I believe in the value of good old-fashioned hard news and deep, probing investigative news to help bring readers into the fold both in print and online.
That might seem like a no-brainer coming from a newspaper editor, but over the course of the last few decades, I've seen all sorts of trends and fads take root and fade away. A few trends have not, however: Today's reader is busier than ever and has an array of sources for news and information that is expanding almost daily.
That means we have to engage the reader faster and with more compelling news and information. We have to write and report about their lives in a way that is meaningful and offers value. If we give them great stories that they can wait until tomorrow to read -- readers very well may never get around to doing so.
Our response to all this competition is reflected in the choices we make on page one. We have, over the course of a year, tried more often to put harder-hitting news on the front page. You saw this reflected in Friday's A1 with four strong stories, including news out of the Legislature about tougher rules for teenage driving. (That followed stories in this newspaper about how Minnesota had the highest teen death rate in the country related to automobile accidents.)
It is also reflected in how we choose to use our resources. Last week, for example, we ran a three-part series on what can only be called the housing nightmare in Wright County. This reflected months of work on the part of the newsroom. This project began with a story reporter Chris Serres broke about massive mortgage fraud in New Prague, which prompted lots of phone calls from homeowners and real-estate agents suggesting the housing problems were particularly severe in the northern part of the metro area.
Early on in the life of this story, our business news department decided it wanted to do more than just a quick-hit story. It spent months using database research to track down real-estate transactions and foreclosures. "But the key was good, old-fashioned reporting," said business editor Eric Wieffering. "Chris made countless trips out there to track down owners and developers, while Jim Buchta [our real-estate writer] reached out to his network of agents and builders." Others, including editor Karen Lundegaard, photographer Glen Stubbe and computer-assisted reporting editor Glenn Howatt, contributed significant time and energy.
"In the end, I think the story captured the complex forces that drove real-estate mania in many parts of the country. It began with real demand, and that created genuine opportunity. But, after a while, demand became irrelevant. Perverse incentives -- cheap money, lax lending terms and no regulatory oversight -- distorted reality," said Wieffering.

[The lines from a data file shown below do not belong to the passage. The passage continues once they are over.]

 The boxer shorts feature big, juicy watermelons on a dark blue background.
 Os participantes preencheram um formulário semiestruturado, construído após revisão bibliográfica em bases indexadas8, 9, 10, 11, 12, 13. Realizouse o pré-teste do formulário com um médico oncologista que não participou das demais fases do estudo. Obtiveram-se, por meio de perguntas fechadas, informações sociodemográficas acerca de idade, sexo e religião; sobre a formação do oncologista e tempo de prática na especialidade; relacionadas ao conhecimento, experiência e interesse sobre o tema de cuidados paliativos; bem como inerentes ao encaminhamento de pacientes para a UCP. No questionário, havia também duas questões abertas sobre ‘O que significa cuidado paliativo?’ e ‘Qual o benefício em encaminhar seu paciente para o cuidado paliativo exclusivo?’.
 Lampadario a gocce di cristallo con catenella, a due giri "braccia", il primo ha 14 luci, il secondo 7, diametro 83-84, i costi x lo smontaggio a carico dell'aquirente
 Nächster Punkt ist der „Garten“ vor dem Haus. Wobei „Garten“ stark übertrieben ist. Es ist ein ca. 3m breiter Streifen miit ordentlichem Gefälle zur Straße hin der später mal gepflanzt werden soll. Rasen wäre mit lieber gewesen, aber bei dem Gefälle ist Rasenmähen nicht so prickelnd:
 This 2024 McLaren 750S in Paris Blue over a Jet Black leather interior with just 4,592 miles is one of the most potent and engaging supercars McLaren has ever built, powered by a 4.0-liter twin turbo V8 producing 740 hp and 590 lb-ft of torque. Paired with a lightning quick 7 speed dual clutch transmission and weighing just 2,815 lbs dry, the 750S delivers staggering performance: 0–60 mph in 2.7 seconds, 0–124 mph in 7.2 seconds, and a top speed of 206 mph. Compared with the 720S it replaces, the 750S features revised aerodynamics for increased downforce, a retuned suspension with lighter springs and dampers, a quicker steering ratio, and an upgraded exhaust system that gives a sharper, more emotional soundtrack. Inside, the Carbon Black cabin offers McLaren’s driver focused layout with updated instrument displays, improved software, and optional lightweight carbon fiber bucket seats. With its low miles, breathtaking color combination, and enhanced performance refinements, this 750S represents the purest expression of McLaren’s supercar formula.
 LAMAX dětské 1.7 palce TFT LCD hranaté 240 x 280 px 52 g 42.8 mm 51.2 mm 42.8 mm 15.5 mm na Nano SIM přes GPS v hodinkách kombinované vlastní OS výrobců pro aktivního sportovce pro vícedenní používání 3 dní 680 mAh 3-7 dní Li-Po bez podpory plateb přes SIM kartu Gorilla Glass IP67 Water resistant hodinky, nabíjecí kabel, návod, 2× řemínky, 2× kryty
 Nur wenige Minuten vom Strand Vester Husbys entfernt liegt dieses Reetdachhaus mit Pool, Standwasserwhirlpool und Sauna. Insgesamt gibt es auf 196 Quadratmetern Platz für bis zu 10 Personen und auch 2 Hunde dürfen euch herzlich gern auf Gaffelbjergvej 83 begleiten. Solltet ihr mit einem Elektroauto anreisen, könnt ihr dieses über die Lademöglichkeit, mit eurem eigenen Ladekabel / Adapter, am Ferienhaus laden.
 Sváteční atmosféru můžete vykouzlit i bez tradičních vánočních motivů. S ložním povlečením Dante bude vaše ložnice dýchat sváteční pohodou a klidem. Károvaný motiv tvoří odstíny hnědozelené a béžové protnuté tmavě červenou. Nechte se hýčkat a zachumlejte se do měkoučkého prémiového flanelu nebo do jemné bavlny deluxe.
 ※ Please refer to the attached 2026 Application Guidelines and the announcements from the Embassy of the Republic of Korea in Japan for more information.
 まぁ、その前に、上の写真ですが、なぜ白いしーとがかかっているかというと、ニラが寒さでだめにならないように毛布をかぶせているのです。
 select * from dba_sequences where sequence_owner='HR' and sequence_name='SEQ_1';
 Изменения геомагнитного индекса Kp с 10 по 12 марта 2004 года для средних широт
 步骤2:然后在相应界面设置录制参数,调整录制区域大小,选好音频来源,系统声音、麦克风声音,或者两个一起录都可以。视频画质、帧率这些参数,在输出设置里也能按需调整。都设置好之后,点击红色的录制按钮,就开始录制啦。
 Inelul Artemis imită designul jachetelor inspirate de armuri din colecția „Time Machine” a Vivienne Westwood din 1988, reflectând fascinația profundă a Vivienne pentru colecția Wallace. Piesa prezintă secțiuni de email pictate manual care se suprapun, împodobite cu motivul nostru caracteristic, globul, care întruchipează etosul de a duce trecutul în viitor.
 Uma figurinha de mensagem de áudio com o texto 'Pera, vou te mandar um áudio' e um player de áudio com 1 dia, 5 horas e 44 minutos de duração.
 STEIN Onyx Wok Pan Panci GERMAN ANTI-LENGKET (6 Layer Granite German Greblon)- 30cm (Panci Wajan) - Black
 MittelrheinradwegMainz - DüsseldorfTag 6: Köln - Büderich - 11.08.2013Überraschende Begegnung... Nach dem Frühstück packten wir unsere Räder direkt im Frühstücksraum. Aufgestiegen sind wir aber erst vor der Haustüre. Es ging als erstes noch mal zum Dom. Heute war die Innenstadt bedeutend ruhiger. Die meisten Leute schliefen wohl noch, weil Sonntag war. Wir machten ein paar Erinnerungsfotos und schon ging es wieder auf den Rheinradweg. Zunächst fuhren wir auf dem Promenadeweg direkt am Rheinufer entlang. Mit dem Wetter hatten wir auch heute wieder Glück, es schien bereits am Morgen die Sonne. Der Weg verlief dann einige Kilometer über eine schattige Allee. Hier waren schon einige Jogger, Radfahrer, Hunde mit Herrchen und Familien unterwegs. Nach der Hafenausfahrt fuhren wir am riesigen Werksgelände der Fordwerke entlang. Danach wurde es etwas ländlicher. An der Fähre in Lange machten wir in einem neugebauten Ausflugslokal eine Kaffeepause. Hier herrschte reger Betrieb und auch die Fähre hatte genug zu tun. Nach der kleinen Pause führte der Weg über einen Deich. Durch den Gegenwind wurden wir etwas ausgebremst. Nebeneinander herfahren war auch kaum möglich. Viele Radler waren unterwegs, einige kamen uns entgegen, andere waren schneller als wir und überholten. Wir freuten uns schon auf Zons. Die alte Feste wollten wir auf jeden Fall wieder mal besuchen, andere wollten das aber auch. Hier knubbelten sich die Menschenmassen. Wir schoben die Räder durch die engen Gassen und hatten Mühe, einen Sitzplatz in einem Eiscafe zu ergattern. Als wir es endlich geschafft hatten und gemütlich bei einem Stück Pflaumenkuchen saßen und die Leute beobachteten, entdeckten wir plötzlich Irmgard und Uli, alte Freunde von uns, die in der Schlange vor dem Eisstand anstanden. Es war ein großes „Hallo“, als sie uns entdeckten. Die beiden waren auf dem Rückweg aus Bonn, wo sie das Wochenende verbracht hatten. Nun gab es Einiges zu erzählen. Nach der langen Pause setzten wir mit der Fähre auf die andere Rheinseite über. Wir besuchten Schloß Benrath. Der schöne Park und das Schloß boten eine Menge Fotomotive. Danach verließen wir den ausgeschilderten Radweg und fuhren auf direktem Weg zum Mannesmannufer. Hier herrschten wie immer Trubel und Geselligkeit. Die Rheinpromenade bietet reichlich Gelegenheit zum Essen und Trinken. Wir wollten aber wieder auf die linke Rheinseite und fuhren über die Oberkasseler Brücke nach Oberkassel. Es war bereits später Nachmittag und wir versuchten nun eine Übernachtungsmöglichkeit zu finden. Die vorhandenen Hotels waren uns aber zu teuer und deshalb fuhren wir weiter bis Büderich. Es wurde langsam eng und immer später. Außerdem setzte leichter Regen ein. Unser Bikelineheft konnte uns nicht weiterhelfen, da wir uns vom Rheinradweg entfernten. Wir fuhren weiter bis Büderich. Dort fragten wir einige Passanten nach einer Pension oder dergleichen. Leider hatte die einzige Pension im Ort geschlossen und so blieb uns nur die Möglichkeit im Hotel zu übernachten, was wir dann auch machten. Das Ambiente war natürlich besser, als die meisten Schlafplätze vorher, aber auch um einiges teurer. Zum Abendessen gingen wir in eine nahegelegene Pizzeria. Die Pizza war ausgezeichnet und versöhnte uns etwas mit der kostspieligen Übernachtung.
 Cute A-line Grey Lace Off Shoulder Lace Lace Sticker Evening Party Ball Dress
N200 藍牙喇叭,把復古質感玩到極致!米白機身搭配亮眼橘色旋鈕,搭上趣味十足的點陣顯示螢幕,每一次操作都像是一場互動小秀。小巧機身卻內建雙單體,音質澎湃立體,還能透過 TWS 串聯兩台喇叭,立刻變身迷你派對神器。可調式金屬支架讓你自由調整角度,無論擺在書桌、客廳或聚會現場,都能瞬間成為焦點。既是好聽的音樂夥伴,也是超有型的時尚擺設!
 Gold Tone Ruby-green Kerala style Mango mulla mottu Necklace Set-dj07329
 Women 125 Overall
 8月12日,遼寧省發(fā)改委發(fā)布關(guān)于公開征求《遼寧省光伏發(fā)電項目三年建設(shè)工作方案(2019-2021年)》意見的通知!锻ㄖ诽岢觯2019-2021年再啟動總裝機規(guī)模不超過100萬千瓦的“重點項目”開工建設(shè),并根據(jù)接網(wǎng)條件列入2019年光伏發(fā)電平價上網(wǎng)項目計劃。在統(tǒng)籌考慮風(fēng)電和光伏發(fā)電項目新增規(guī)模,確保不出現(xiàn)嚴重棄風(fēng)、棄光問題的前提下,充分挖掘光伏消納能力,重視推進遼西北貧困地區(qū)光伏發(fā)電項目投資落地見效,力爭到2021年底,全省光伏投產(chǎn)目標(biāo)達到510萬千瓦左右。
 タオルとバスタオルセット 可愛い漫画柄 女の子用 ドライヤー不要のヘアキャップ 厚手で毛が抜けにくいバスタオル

How did our readers respond? We've gotten lots of written comments from our print readers. The Web also allows us to capture, specifically, how many clicked on the story and read it. Day one, alone, received 295,000 page views. When we add in all the page views from the other parts of the project and accompanying slide shows, the total project got about 675,000 page views. Terry Sauer, one of our senior editors for online, said he couldn't remember a project with that kind of readership.